A discovery eval is not a deliverable. It is the instrument we use to decide whether the build should happen at all. Twice in the last eighteen months it told us not to build, and we refunded the discovery fee on the spot. This is what those weeks looked like.
The shape of the engagement before we wrote the eval
A team comes in with a real problem and a real budget. The most common version is some form of "RAG over our internal docs so support / sales / ops stops asking the same questions." Approved budget. Executive sponsor. A vendor demo already in the room.
We do not start writing prompts. We start writing the eval.
Days 1–9: questions, not prompts
We sit with the people who are actually going to use the system. Not the executive sponsor — the agents, the analysts, the operators. We ask each of them to write thirty to fifty questions they would expect the system to answer correctly. We collect their honest answers, including the ones that contain numbers, dates, or judgment calls.
That set is the eval. Real inputs. Expected outputs. Refusal cases ("the system should say it does not know"). The cases where the right answer is "escalate to a human."

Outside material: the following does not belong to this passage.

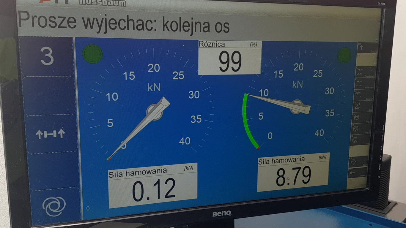 Badanie na urządzeniu rolkowym potwierdziło wcześniejsze przypuszczenia inspektorów. Na lewym kole trzeciej osi nie występowała siła hamowania hamulca roboczego. Na lewym kole drugiej osi siła hamowania hamulca roboczego była zbyt mała. Różnica sił hamowania hamulca roboczego drugiej osi wyniosła 82%.

By day nine we score whatever already exists — the vendor demo, the in-house prototype, a baseline LLM call. We score it against the eval the users wrote.
When the math kills the build
In the two cases we walked away, the score was not close. The strict pass rate was somewhere in the high twenties. The lenient pass rate was somewhere in the forties.
Pass rate alone is not the kill signal. The kill signal is the unit economics implied by the pass rate. If the bot is wrong on three out of four answers and a wrong answer creates a downstream escalation, the bot is generating tickets, not deflecting them. The build does not need to be cheaper. The build needs to not happen.
We bring the eval, the failure modes, and the implied unit economics to the steering meeting. We recommend not building. We refund the discovery fee.
What the eval actually decides
The eval is not a quality gate. It is the decision-making instrument for whether the next ninety days of engineering exist. Most teams discover this only after they have spent the build budget. The factory rule is that we discover it in the first two weeks, on our risk, not yours.
When the eval is clean, the build is straightforward — green eval merges, red eval does not, the operating system runs itself. When the eval cannot be written, no amount of prompt engineering will make the system honest. That is the project we will not take.